Your dashboards are probably doomed 🖥️
Why dashboards are the wrong way to make data actionable, and how to do better.
As engineers, we love numbers and data-driven work. This starts with software, and easily translates into wider systems thinking that can be applied to processes and teamwork.
So, numbers can be powerful. However, just having them, without knowing how to operationalize them or what kind of change to drive is not particularly useful.
To bridge this gap, today I brought in Dylan Etkin. Dylan is a former development manager at several Atlassian products, including Jira, Bitbucket, and StatusPage. Today he is co-founder & CEO of Sleuth, whose mission is to provide teams with an operating system for running engineering.
Also, Dylan hates dashboards.
We spoke about this a few weeks ago, and we rapidly sketched out the main ideas for this piece. Dylan has incredible experience + strong opinions, which are usually the best premises for a great article.
Here is what we will cover today:
🙅♂️ Dashboards are doomed — why most dashboards are destined to fail.
🔄 The Metrics’ Lifecycle — the three steps to successfully using data.
🔌 Attaching Metrics to Rituals — how to use ceremonies to anchor how you use data.
Let’s dive in!
Disclaimer: I am a fan of Sleuth and what Dylan is building, and they are also a long-time partner of Refactoring. However, you will only get my unbiased opinion about all the practices and services mentioned here, Sleuth included.
You can learn more about Sleuth below. Also if you mention you are a Refactoring subscriber, Dylan and the team will give you an additional discount 👇
🙅♂️ Dashboards are doomed
For most of my career, I was surrounded by dashboards. I mean, who doesn't love a good one? It brings data right at your fingertips and makes you feel anyone can self-serve information at anytime.

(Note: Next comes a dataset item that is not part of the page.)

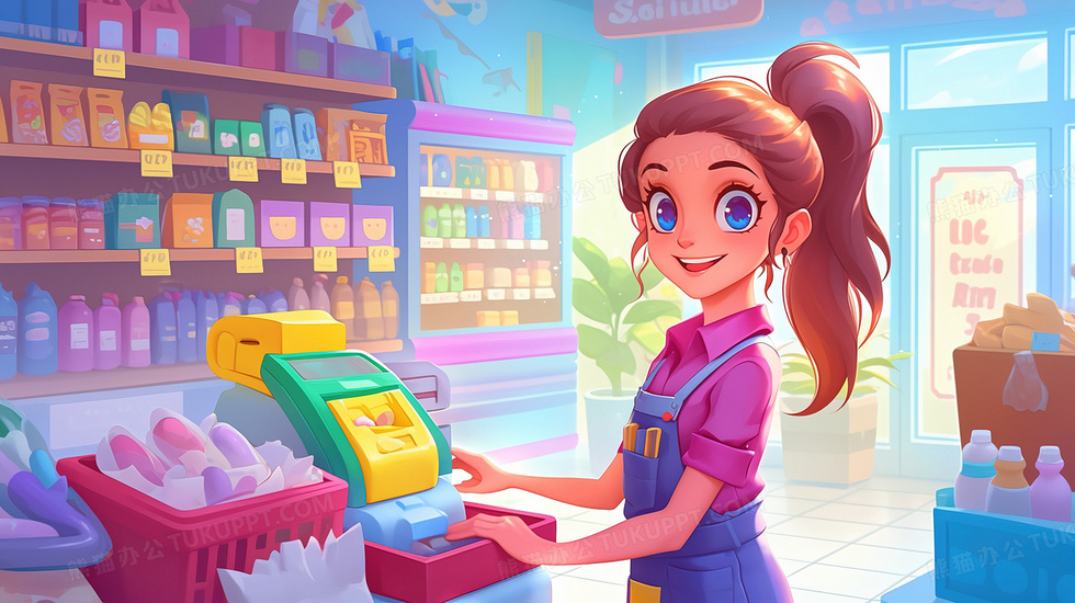 本作品内容为开心情绪微笑的女收银员插画, 格式为 jpg, 大小3 MB, 图片尺寸为2912 x 1632, 源文件无水印, 欢迎使用熊猫办公。 如认为平台内容涉嫌侵权,可通过邮件:tousu@tukuppt.com提出书面通知,我们将及时处理。

In reality, dashboards are less useful than people think.
In fact, let’s look at the two types of data that typically get plotted:
🔧 Operational info — real-time, time-sensitive data to spot anomalies and incidents. This is typically very technical.

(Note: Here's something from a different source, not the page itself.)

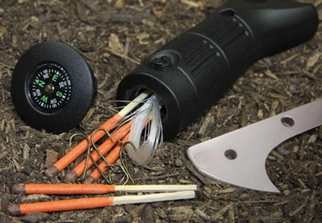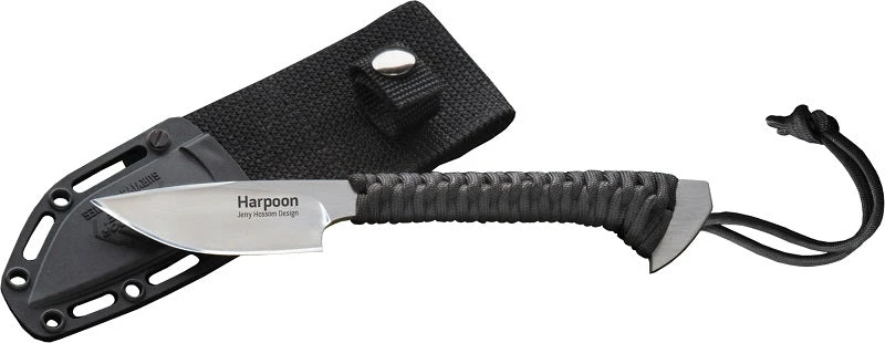 This practical outdoor knife easily converts to a harpoon/spear by slotting a green shaft and tying the knife in place, or by threading the black blade holder onto a standard broom handle. To convert to a harpoon, the 550 Paracord handle can be easily removed and used to lash the blade into the blade holder or green shaft. The hawksbill end of the handle is an effective inletting tool for carving a slot into a green shaft to accommodate the blade. The hollow handle blade holder features a storage compartment for matches, fire starters, fish hooks and other emergency essentials. Includes a liquid filled compass in the blade holder cap. The Harpoon comes complete with a quality nylon belt sheath which converts to a blade cover by removing the belt loop. Designed by custom knife maker Jerry Hossom. Patents Pending.Â

💼 Business KPIs — with goals and progress, to plot trends and trajectory.
In both cases, dashboards — as in, data always in your face — are suboptimal:
For real-time decision making, like in the case of incidents, you want alerts and push-style interaction, rather than relying on you looking at things to figure out that something is wrong.

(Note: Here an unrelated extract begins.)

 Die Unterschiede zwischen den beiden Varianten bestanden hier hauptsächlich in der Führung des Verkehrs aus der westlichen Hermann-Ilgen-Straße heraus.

For business KPIs, instead, you probably do periodic reviews, so you may just as well create periodic reports.
Dashboards, other than being the wrong way in which you get exposed to data, also fall short of what you need to do next:
Dashboards don't come with interpretation — the same data can mean different things to different people.
Dashboards are not actionable — they alone don't offer any sense of what action to take or outcome to change.
Dashboards don't have a review date — they don't include what you decided to do with some data at a given point in time. Often, important data can pass by without notice and just end up in a bar chart showing the past.
Dashboards can easily go stale — and for anyone who doesn't own the dashboard it can be difficult to know if the data is relevant any longer.
You may find ways to fix some of these, but in my experience it is extremely hard to design a dashboard that is truly useful and that stays so for a long time.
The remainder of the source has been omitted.